Vice president tells fifth-graders of warming woes

By Alan Elsner, Reuters, 08/03/99

ASHINGTON - Vice President Al Gore conducted a science class on global warming yesterday for a group of fifth graders and told them Republicans in Congress were blocking funds that could help save the environment.

As a torrid heat wave that has covered the eastern half of the United States relaxed its grip a little, Gore warned the children that many more heat waves were coming.

''You may have been seeing on the television news the effects of this heat wave on kids and old people and families and it's really been very hot,'' Gore told the group of children attending a science camp who gathered to hear him at the National Geographic headquarters in Washington.
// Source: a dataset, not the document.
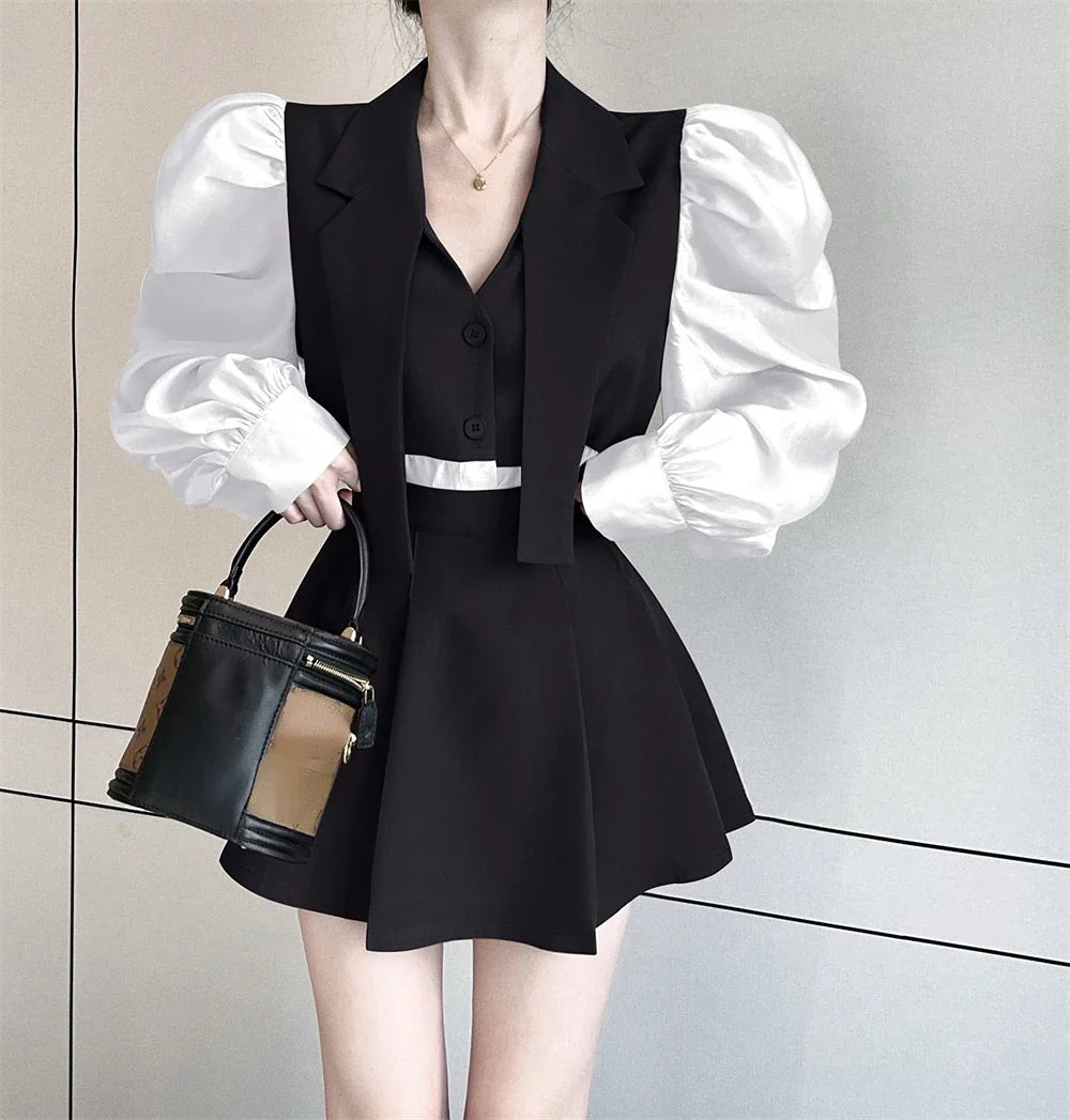 Yipinpay Two Piece Sets Women Puff Sleeve Patchwork Loose Grey Suit Short Jacket Cardigan High Waist Pleated Skirts Sets Coat Spring

''Of course we had heat waves long before there was a threat of global warming. But because the atmosphere of the whole earth is warming up, it's more common now to have these very, very hot days,'' he said.

He could not resist a political dig at congressional Republicans and their $792 billion tax cut package at the end of the hour-long seminar.
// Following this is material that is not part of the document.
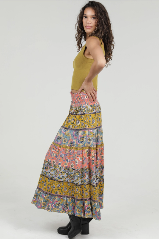 Mixed Print Tiered Maxi Skirt

''The Congress of the United States is voting now on whether or not we should have funding for these programs that help ... to speed up the making of these new kinds of technologies and cars,'' Gore said, referring to the development of environmentally friendly vehicles.
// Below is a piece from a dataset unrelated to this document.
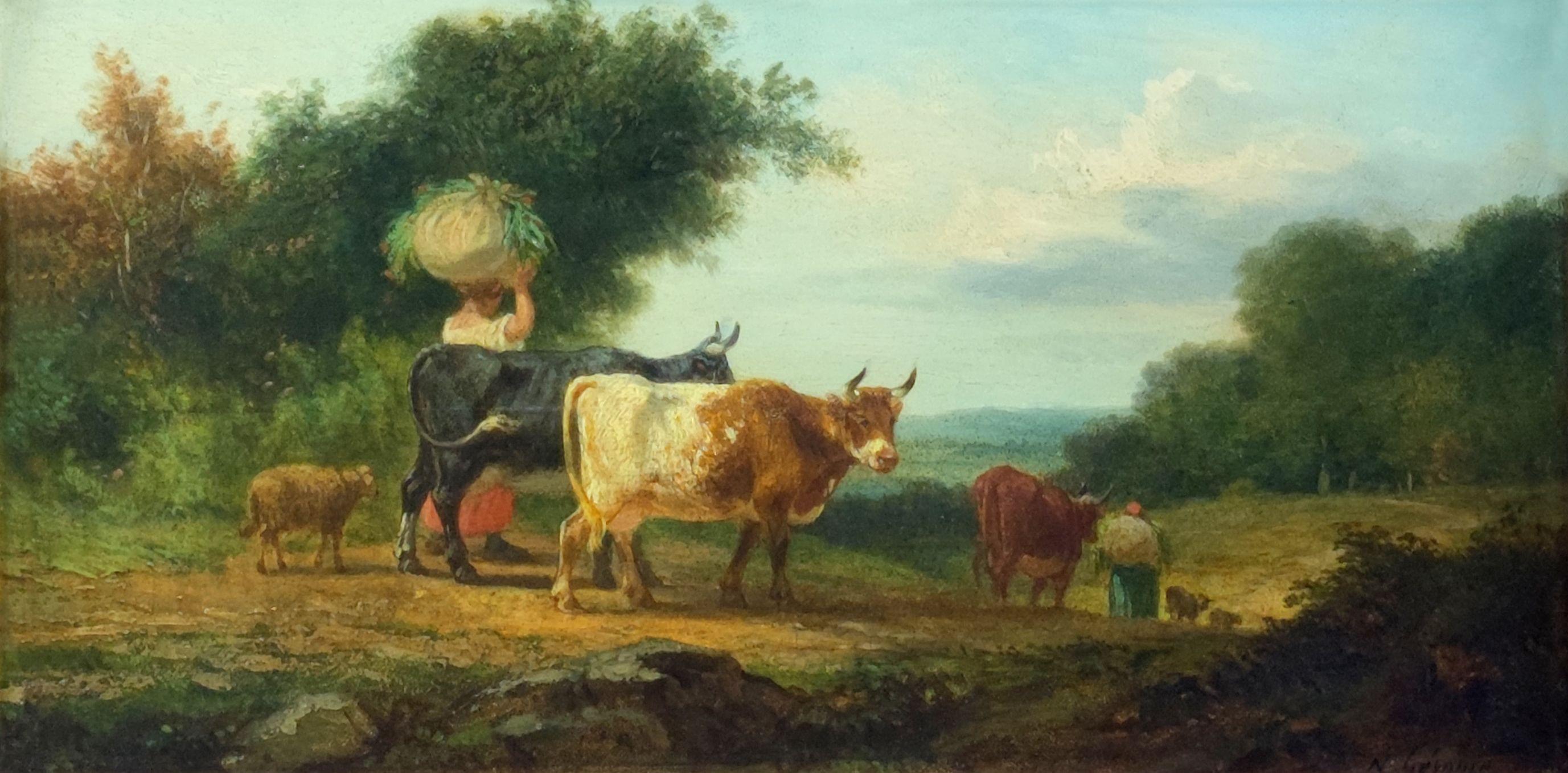 Paysannes et vaches, huile sur panneau, signée N. Gerome, 17x35 cm

''And they've been cutting that budget way back. I don't think most people in the country agree with that. They want to use all the big surplus we have for a big risky tax scheme. We think we ought to use some of it for these programs that will help save the environment,'' he said.

Frank Maisano of the Global Climate Coalition, which represents the coal, oil, mining and auto industries, said that contrary to Gore's assertion, the causes of global warming were still far from scientifically proven.

''Gore talking to the students in that manner was like he was polluting their minds,'' he said.

Gore was known as an avid environmentalist throughout 16 years in Congress.